Individuals could unknowingly visit spoofed domains while seeking information regarding the FBI's mission, services or news coverage, the bureau says. Additionally, fraudsters may use seemingly legitimate email accounts to entice the public into clicking on malicious files or links.
"A key target for these attacks are mobile users, who may be more convinced with a short URL that they can see in its entirety," says Chris Hazelton, director of security solutions at security firm Lookout says. "Short URLs that include 'FBI' are more likely to trick users into reacting, particularly when received in a text message. Users are three times more likely to click on a phishing link on a mobile device than on a laptop."
Since the onset of the COVID-19 pandemic, security experts have warned that fraudsters and cybercriminals are increasingly using spoofed websites of federal agencies.

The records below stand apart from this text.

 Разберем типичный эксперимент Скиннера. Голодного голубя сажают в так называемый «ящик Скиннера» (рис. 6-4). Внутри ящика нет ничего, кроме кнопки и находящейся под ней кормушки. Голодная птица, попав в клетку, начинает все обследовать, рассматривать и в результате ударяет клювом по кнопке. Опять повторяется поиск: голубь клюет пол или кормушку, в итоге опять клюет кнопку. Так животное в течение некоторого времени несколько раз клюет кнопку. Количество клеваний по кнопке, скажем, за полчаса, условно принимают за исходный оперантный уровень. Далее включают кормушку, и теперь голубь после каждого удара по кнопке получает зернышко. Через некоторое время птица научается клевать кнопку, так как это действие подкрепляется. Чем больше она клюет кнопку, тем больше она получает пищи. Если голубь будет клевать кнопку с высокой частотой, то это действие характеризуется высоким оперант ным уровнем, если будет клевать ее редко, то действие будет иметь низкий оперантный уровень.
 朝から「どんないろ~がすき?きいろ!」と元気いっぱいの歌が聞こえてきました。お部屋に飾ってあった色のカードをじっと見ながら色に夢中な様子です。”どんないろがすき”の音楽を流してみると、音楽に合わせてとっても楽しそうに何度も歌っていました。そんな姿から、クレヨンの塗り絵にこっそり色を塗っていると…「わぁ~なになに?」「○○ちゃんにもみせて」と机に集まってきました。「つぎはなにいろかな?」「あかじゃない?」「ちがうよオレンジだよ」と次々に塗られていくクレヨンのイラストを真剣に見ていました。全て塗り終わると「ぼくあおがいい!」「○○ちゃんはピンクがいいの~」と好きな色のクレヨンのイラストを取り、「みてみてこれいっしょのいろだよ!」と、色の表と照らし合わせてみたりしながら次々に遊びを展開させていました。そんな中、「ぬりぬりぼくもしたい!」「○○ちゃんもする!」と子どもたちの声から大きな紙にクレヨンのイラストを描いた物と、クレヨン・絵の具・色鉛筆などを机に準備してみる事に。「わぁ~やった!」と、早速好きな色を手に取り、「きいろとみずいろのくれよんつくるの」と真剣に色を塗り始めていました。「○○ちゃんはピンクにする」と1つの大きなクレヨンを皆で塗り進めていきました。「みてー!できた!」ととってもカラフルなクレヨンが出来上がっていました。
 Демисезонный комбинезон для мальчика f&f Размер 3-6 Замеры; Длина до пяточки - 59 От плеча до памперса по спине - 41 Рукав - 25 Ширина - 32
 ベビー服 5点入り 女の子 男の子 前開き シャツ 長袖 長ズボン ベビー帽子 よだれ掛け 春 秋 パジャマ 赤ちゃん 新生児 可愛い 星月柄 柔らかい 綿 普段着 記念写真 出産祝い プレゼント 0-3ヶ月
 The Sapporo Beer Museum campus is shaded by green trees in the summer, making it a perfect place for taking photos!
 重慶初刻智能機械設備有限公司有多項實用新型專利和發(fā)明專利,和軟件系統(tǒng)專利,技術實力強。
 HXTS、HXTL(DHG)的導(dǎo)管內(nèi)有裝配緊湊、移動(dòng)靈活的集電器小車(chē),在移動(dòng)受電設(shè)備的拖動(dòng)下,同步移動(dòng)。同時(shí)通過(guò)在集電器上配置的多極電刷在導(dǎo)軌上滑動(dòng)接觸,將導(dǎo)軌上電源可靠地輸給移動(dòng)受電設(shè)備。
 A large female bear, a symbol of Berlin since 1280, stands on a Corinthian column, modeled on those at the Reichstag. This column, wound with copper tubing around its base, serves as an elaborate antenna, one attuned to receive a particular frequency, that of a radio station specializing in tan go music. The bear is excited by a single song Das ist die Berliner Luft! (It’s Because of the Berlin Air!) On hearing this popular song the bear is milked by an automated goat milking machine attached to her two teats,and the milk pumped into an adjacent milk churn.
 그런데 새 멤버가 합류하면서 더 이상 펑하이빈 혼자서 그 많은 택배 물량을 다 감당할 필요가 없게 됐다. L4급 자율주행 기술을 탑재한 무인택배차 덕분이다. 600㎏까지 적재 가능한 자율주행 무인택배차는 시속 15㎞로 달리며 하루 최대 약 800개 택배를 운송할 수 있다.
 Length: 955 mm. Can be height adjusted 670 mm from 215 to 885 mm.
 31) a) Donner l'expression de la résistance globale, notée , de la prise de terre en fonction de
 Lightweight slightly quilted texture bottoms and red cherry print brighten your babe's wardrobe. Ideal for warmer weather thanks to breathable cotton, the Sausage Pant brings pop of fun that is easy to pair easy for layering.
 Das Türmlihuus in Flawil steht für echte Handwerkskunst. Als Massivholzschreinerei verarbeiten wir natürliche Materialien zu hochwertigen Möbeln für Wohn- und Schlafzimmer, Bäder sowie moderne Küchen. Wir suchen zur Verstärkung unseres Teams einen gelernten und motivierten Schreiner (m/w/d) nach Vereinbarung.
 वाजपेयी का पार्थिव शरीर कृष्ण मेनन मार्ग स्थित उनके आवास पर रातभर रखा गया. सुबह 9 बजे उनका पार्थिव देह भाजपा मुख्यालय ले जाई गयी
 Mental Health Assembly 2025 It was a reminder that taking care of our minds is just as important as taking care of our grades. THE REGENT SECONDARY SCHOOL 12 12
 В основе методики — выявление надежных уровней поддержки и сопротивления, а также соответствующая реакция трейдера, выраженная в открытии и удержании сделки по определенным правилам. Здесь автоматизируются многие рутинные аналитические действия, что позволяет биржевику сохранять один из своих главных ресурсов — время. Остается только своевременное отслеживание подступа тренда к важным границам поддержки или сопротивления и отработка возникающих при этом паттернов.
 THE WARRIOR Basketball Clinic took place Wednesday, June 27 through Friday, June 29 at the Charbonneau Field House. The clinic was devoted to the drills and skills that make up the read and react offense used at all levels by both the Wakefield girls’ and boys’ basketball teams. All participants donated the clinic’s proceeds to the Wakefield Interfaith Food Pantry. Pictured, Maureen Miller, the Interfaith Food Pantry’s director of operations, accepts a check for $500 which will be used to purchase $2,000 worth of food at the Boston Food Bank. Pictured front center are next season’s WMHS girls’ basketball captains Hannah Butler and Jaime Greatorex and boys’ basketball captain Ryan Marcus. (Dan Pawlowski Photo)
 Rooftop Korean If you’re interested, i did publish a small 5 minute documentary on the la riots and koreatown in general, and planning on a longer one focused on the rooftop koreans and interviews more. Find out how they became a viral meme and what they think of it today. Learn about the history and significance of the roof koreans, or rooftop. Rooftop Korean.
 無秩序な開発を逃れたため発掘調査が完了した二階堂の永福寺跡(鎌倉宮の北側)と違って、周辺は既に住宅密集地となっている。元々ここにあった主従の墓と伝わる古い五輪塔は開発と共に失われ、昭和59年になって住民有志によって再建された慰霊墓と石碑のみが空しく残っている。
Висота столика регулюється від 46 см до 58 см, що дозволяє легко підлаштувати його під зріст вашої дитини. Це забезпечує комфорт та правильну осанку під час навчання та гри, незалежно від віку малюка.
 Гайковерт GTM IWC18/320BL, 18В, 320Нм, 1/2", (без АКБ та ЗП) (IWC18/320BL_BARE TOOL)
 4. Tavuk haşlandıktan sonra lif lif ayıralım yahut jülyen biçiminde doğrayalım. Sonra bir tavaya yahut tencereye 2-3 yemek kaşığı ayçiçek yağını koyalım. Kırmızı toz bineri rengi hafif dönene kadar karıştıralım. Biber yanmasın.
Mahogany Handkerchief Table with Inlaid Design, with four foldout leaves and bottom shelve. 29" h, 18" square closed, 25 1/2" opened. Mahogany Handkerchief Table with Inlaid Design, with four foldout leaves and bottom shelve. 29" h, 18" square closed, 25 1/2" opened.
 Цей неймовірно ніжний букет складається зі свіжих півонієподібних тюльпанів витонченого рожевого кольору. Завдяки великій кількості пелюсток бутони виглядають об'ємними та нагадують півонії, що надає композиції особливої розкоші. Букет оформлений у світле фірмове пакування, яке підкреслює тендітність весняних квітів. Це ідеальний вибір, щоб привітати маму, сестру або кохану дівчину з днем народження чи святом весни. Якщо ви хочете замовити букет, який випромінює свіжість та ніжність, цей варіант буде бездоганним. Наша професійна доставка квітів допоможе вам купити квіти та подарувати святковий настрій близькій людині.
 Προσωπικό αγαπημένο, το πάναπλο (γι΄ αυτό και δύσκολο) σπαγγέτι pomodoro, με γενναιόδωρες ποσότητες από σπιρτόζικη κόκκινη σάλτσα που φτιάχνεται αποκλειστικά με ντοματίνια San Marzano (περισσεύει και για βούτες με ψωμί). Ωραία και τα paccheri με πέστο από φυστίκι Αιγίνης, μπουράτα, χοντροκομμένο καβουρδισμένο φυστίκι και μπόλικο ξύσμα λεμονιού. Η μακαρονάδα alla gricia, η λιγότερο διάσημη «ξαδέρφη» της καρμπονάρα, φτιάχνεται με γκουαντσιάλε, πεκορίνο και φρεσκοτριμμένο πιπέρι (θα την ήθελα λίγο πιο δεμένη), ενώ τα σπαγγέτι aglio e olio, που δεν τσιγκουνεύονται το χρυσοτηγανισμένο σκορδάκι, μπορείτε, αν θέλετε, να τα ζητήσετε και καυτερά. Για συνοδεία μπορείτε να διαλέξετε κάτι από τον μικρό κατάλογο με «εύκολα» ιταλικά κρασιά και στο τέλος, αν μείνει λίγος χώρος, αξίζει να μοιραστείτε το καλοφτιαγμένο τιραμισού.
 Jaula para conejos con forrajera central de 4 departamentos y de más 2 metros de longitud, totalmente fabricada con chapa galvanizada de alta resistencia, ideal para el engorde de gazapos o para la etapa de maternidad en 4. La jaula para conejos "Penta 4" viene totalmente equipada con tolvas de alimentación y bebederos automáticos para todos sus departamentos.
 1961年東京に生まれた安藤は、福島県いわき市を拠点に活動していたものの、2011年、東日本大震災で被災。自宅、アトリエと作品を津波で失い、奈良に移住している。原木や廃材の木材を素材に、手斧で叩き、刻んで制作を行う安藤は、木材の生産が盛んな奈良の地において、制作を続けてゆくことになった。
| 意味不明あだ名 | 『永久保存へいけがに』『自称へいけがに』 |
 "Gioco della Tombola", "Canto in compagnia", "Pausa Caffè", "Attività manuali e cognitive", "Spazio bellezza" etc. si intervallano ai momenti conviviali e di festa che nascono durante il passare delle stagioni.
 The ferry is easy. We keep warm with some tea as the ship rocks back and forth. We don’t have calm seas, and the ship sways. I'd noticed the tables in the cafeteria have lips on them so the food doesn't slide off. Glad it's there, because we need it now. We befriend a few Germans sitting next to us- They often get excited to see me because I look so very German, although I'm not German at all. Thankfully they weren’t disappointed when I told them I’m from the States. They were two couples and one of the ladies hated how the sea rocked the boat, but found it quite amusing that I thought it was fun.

Earlier this month, researchers at Abnormal Security uncovered a phishing campaign that spoofed the U.S. Internal Revenue Service domain in an attempt to trick targeted victims into sending money to fraudsters (see: IRS Domain Spoofed in Fraud Campaign).
In October, security firm Proofpoint found a phishing campaign that spoofed the U.S. Election Assistance Commission domain to harvest banking credentials, account data and vehicle identification information (see: Fraudsters Alter Election Phishing Scam).
Proofpoint also found fraudsters were using spoofed website templates with COVID-19 themes as part of phishing attacks designed to steal login credentials and banking data. These malicious templates included a spoofed IRS website (see: Spoofed Website Templates Help Spread COVID-19 Scams: Report).